Agotado de su situación laboral y de la recepción que su obra ha merecido, Ellison se lanza entonces a la escritura de un libro que él mismo aborrecerá. Bajo el título de Porculo, Stagg R. Leigh, seudónimo de Ellison, narra en primera persona —y con una dudosa ortografía— la peripecia en el gueto de Van Go Jenkins, cuya única dedicación parece ser la de hacer hijos. Van Go Jenkins es la clase de persona que sueña con islas, «todo lleno de tías buenas, las zorras, qué culo, y no llevan nada, solo unas tiritas a media teta. Pienso en lo buenas que están, las guarras, y en que mas las voy a tirar a todas». Falsamente, recurriendo al máximo posible de prejuicios, Porculo habría de albergar el germen y la verdadera historia de la experiencia negra en América.
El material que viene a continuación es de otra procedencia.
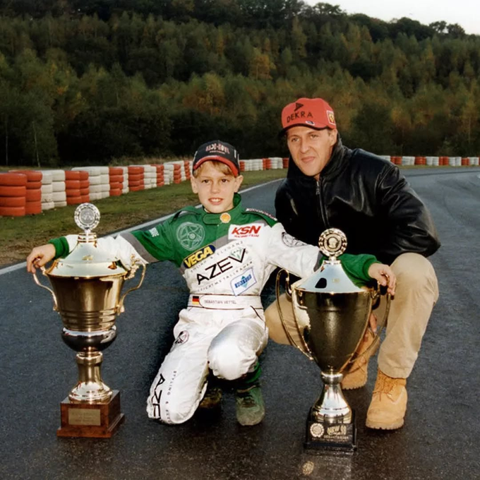 Себастьяна Феттеля, якого фанати прозвали «бейбі Шумі» (за те що бачили в ньому наступника Міхаеля Шумахера), був сином Норберта Феттеля — колишного аматорського гонщика. Саме Норберт подарував майбутньому чемпіону перший картинг на Різдво. Себастьян із захопленням поринув у гонки, а батько допомагав розвивати його талант. У будні хлопець ходив до школи, а у вихідні разом із батьком їздив на трасу у фургоні.
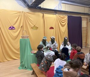 Tres alumnes de 4t ESO del nostre Centre (Sílvia, Oriol i Jana), van anar a fer de patges reials per rebre els alumnes de l’escola Gaspar de Queralt d’educació infantil i cicle inicial. Van fer que els alumnes més menuts passessin uns moments de màgia i il·lusió. També han recollit les cartes que han escrit entre tots i totes.
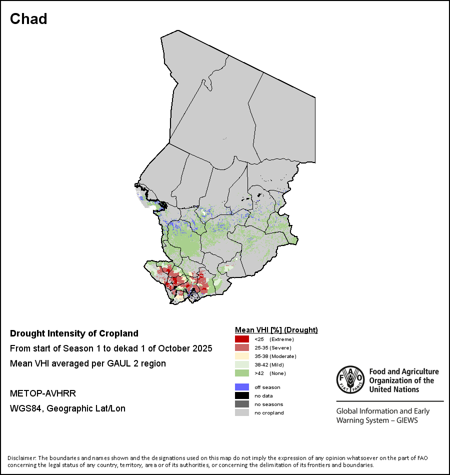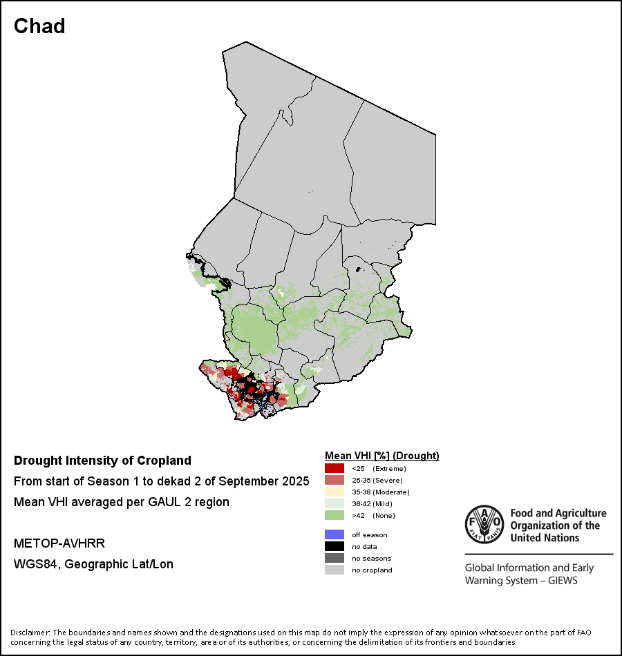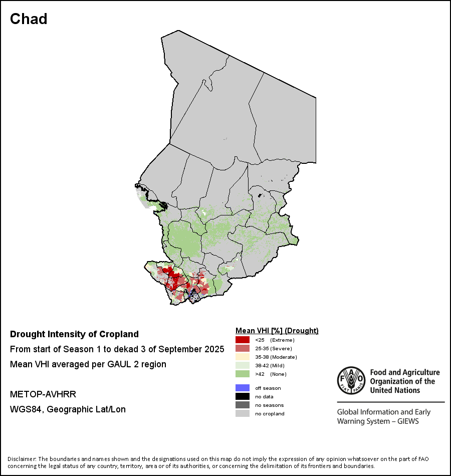 Agricultural droughts are classified by their intensity and are categorized into four classes: Extreme, Severe, Moderate or Mild. The intensity of the drought is calculated through the Weighted Mean Vegetation Health Index aggregated per GAUL 2 region, indicating that the poorer the vegetation health the more severe the drought.
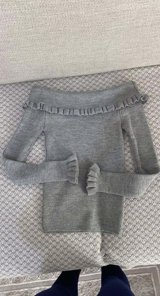 Gri renkte, triko kumaştan, uzun kollu ve kayık yaka, fitted kesim kadın bluz. Kollarında ve yaka kısmında fırfır detaylı, günlük rahat kullanım için uygun. Omuzları düşük
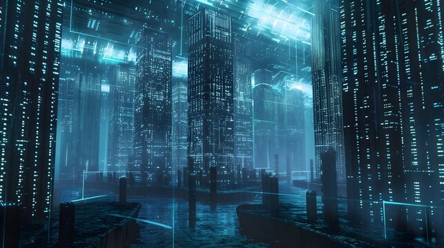 A fortress of encryption surrounded by a sea of binary code, guarded by digital sentinels, ensuring the complete obliteration of data before it vanishes into the digital abyss

Y así, tras las gestiones pertinentes del agente de Ellison, Porculo se convierte en la novela que más dinero reportará a su autor, si bien Ellison no puede sino avergonzarse por ello.
Porculo, que se extiende aproximadamente sobre una cuarta parte de X, posiblemente sea la sección más divertida del libro, lo cual pasa por el gran mérito de Everett, a saber, forzar a sus lectores a experimentar un placer culpable, una diversión que se obtiene de un relato atroz completamente inverosímil, basado de un personaje descabellado y maligno que resiste en un escenario de videoclip de gangsta rap. Con todo, Porculo pasa a ser un éxito de la crítica, avalado por cabeceras como el New York Times, que llega a decir: «Se parece más a las noticias de la noche. El gueto vive entre estas páginas; en ellas, el autor nos permite vislumbrar la experiencia de la calle, y por ello debemos estarle inmensamente agradecidos.» Caucásicos que gritan a los negros: «¡Dadnos Porculo!», se convierte, entonces, en el desasosegante corolario post-racial con que Everett nos complace. 

2 comentarios:

Anónimo dijo...

Un puto calvario. Decírmelo a mí.

Ignacio Carcelén dijo...

No me hice la idea de lo que representa ser negro hasta que recientemente he compartido piso con una dominicana, no hay falso romaticismo, son muy conscientes, y no imaginamos lo que hacen por parecerse e integrarse. En España no existe un numeroso grupo de color, quizá eso les hace más débiles. Aunque esté de su parte, no puedo imaginar que sienten, voy aprendiendo poco a poco.